Compound library and gametocyte assay screen

Compounds from the Sytravon library (a retired Pharma screening collection that contains a diversity of novel small molecules, with an emphasis on medicinal chemistry-tractable scaffolds) were obtained as powder samples and dissolved in DMSO as 400 and 80 µM stock solutions. Compound screening experiments were performed as previously described [11, 14]. In the primary screen, two concentrations for each compound were tested. No technical and biological replicates were involved. In the follow-up confirmation studies, three biological replicates were tested for each compound in both parasite assays. The positive control was 46 µM of Torin 2 and negative control was DMSO. Briefly, 2.5 μL/well incomplete medium was dispensed into each well of 1536-well plates using the Multidrop Combi followed by 23 nL compound transferring using the NX-TR Pintool (WAKO Scientific Solutions, San Diego, CA). Then, 2.5 μL/well of gametocytes was dispensed with a seeding density of 20,000 cells/well using the Multidrop Combi. The assay plates were incubated for 72 h at 37 °C with 5% CO₂. After addition of 5 μL/well of 2X AlamarBlue dye (Life Technologies, cat. no. DAL1100), the plates were incubated for 24 h at 37 °C with 5% CO₂ and then were read in a fluorescence detection mode (Ex = 525 nm, Em = 598 nm) on a ViewLux plate reader (PerkinElmer).

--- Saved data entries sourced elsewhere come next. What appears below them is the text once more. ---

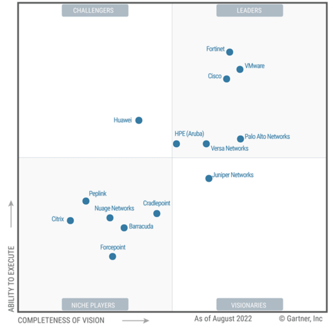
Figure 1: Magic Quadrant for SD-WAN
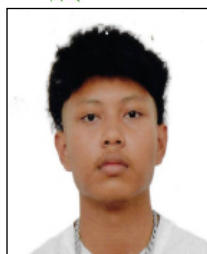
Justin I. Orville David Shipper Memorial Scholarship
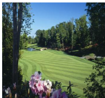
Druids Glen # 13

Day 2 This morning's round is played on the Druids Glen course also know as the " Augusta of Ireland ". The course has many unique features such as the beautiful fawn and flora along with bushes and hedges sculpted into serpents. Another facet is the discovery of the Druid statue protecting the 12 th green, not to mention the Island green at the 17 th hole. Druids beautiful rolling hills and elevation changes make this course one of the prettiest and challenging in the world. Druids Glen has hosted many Irish Opens in its history. After your round, you may want to take advantage of this opportunity to play an additional round at Druids Glen or then enjoy a golfer's massage and hot tub therapy in the relaxing spa.
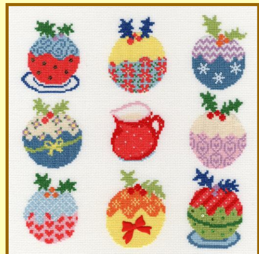
Slightly Dotty Xmas Puds ref XEJ6 26 x 26cm
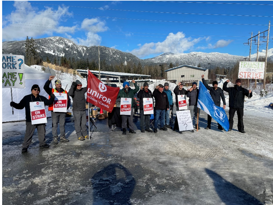
Whistler Transit Members Local 114 on Strike

Whistler Transit and Squamish Transit (Diversified)
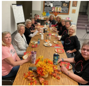
Our Thursday morning quilters having coffee
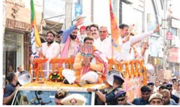
Haryana Chief Minister Nayab Singh Saini participated in a roadshow in support of BJP candidate from Sirsa Ashok Tanwar at Fatehabad on the last day of campaigning on Thursday.

Among prominent candidates in contest for the 10 Lok Sabha seats include former State Chief Minister and BJP's candidate Manohar Lal Khattar from Karnal; BJP's Naveen Jindal, INLD's Abhay Chautala and AAP's Sushil Gupta from Kurukshetra; BJP's Ranjit Singh Chautala, Congress' Jai Prakash and JJP's Naina Chautala from Hisar. Union Ministers Rao Inderjit Singh and Krishan Pal Gurjar are seeking re-election from Gurugram and Faridabad, respectively. From
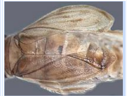
Hemiptera - winged adult

-Animals without wings, not capable of flight BUT INCLUDING nymphs and larvae with developing wing pads (WP)
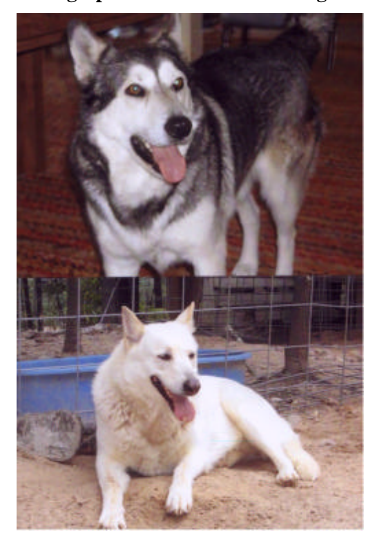
Photograph 1: Low content wolfdogs
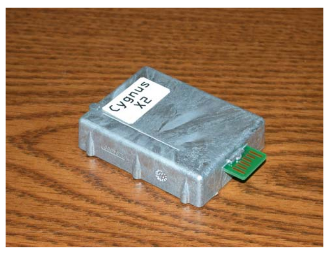
Figure 2 - Photograph of Physical Configuration
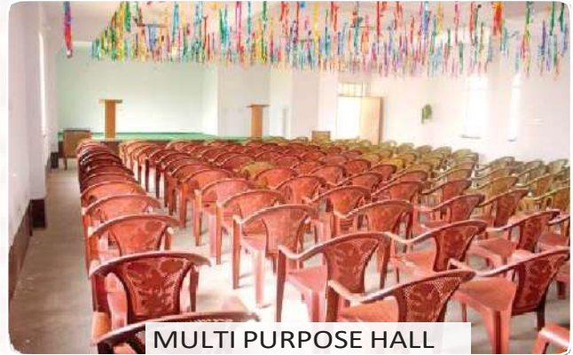
MULTI PURPOSE HALL
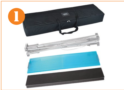
1. Take out the hardware from the bag.
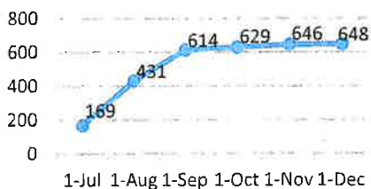
Figure 1. NDEE 2019 Social media followers on the agency's Facebook account.

Other key accomplishments of the Grow Nebraska Team included development and distribution of a Public Outreach and Program Participation Survey followed by the Agency's first formal outreach plan. As part of the Outreach Plan, the NDEE GNT worked across divisions within the agency to identify partnership agencies and organizations where we regularly engage and when (i.e. quarterly, bi-annually, etc.). This effort was in response to survey respondents' statements that said they try to go to events where NDEE staff is attending or presenting.
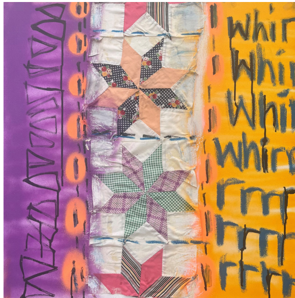
Whirr whirr whirr, 2022; mixed media on canvas

The juxtaposition of the stars with a bright, modern day colour palette weaves a story started nearly 100 years ago with our lives of today.
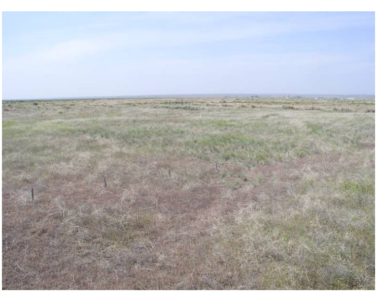
Orchard test site on May 16, 2007.

The Orchard Display Nursery was planted on November 16, 2004 in cooperation with the Great Basin Native Plant Selection and Increase Project. The nursery includes 82 accessions of 27 native and introduced grass, forb and shrub species. Each accession was planted in 7 X 60 foot plots. See Tilley et al (2005) for descriptions of the species and accessions planted. The remaining area was planted to a cover crop mix of 50% Anatone bluebunch wheatgrass, 20% Bannock thickspike wheatgrass, 20% Magnar basin wildrye and 10% Snake River Plains fourwing
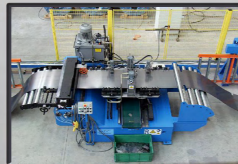
Detail of shearing bench
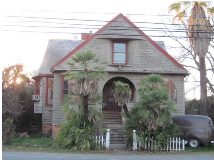
C.W. Swain House, Lone, Amador County
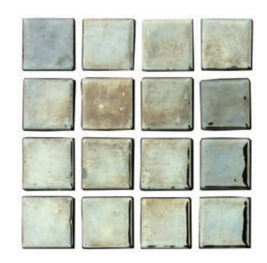
Metalica Platino *

Asexual stage parasites drug activity assay

Drug activity on asexual stage parasites was tested using a SYBR Green assay as described previously [24]. Briefly, 2.5 μL/well complete culture medium was dispensed into each well of 1536-well plates using the Multidrop Combi followed by 23 nL compound transferring using the NX-TR Pintool. Parasites were diluted to 0.5% parasitaemia in complete culture medium with 2% haematocrit and drugs diluted in DMSO (≤0.5%). The pre-diluted parasites were dispensed into a 1536-well plate (2.5 μL/well). After 72 h incubation under the standard culture conditions, 5 μL/well of lysis buffer containing SYBR Green I was added to the parasite culture and incubated for 30 min at room temperature. The fluorescence of each well was measured in a fluorescence detection mode (Ex = 490 nm, Em = 520 nm) using a ViewLux plate reader (PerkinElmer).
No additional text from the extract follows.